DESCRIPTION OF THE TASK » Reproduce every record exactly as written.

RECORD SET »
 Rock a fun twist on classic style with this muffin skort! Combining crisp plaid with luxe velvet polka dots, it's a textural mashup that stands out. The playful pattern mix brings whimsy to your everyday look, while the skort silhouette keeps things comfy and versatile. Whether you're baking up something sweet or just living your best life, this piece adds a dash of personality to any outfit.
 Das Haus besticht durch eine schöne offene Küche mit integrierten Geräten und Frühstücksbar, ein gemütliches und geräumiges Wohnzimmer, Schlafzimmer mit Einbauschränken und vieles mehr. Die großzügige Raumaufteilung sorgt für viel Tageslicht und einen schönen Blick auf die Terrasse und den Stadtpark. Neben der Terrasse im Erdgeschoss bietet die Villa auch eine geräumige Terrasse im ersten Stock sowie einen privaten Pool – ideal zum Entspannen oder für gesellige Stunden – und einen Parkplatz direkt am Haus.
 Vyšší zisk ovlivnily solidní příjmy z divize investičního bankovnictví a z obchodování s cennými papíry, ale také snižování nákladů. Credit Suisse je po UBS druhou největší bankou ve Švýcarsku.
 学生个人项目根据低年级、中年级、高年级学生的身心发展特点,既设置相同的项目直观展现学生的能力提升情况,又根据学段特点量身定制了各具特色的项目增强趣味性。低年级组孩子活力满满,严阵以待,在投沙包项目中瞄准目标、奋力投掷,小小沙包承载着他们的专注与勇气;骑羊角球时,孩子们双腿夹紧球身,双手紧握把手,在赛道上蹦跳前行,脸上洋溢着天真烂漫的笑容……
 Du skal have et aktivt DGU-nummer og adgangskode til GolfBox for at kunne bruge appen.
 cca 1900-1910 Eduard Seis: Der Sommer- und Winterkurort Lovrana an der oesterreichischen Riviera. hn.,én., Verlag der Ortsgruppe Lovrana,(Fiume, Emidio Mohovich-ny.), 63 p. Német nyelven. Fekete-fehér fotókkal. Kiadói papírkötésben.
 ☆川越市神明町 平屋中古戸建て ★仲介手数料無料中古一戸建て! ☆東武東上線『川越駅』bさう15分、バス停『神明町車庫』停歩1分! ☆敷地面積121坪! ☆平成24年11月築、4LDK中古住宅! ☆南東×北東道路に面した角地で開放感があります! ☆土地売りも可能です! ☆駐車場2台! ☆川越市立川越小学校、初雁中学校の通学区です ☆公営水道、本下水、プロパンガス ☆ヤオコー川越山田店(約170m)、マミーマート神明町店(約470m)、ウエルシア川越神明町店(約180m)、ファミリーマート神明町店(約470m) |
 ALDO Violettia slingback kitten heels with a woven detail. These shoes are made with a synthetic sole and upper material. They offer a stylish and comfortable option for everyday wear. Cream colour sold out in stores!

ANSWER SECTION »
 Rock a fun twist on classic style with this muffin skort! Combining crisp plaid with luxe velvet polka dots, it's a textural mashup that stands out. The playful pattern mix brings whimsy to your everyday look, while the skort silhouette keeps things comfy and versatile. Whether you're baking up something sweet or just living your best life, this piece adds a dash of personality to any outfit.
 Das Haus besticht durch eine schöne offene Küche mit integrierten Geräten und Frühstücksbar, ein gemütliches und geräumiges Wohnzimmer, Schlafzimmer mit Einbauschränken und vieles mehr. Die großzügige Raumaufteilung sorgt für viel Tageslicht und einen schönen Blick auf die Terrasse und den Stadtpark. Neben der Terrasse im Erdgeschoss bietet die Villa auch eine geräumige Terrasse im ersten Stock sowie einen privaten Pool – ideal zum Entspannen oder für gesellige Stunden – und einen Parkplatz direkt am Haus.
 Vyšší zisk ovlivnily solidní příjmy z divize investičního bankovnictví a z obchodování s cennými papíry, ale také snižování nákladů. Credit Suisse je po UBS druhou největší bankou ve Švýcarsku.
 学生个人项目根据低年级、中年级、高年级学生的身心发展特点,既设置相同的项目直观展现学生的能力提升情况,又根据学段特点量身定制了各具特色的项目增强趣味性。低年级组孩子活力满满,严阵以待,在投沙包项目中瞄准目标、奋力投掷,小小沙包承载着他们的专注与勇气;骑羊角球时,孩子们双腿夹紧球身,双手紧握把手,在赛道上蹦跳前行,脸上洋溢着天真烂漫的笑容……
 Du skal have et aktivt DGU-nummer og adgangskode til GolfBox for at kunne bruge appen.
 cca 1900-1910 Eduard Seis: Der Sommer- und Winterkurort Lovrana an der oesterreichischen Riviera. hn.,én., Verlag der Ortsgruppe Lovrana,(Fiume, Emidio Mohovich-ny.), 63 p. Német nyelven. Fekete-fehér fotókkal. Kiadói papírkötésben.
 ☆川越市神明町 平屋中古戸建て ★仲介手数料無料中古一戸建て! ☆東武東上線『川越駅』bさう15分、バス停『神明町車庫』停歩1分! ☆敷地面積121坪! ☆平成24年11月築、4LDK中古住宅! ☆南東×北東道路に面した角地で開放感があります! ☆土地売りも可能です! ☆駐車場2台! ☆川越市立川越小学校、初雁中学校の通学区です ☆公営水道、本下水、プロパンガス ☆ヤオコー川越山田店(約170m)、マミーマート神明町店(約470m)、ウエルシア川越神明町店(約180m)、ファミリーマート神明町店(約470m) |
 ALDO Violettia slingback kitten heels with a woven detail. These shoes are made with a synthetic sole and upper material. They offer a stylish and comfortable option for everyday wear. Cream colour sold out in stores!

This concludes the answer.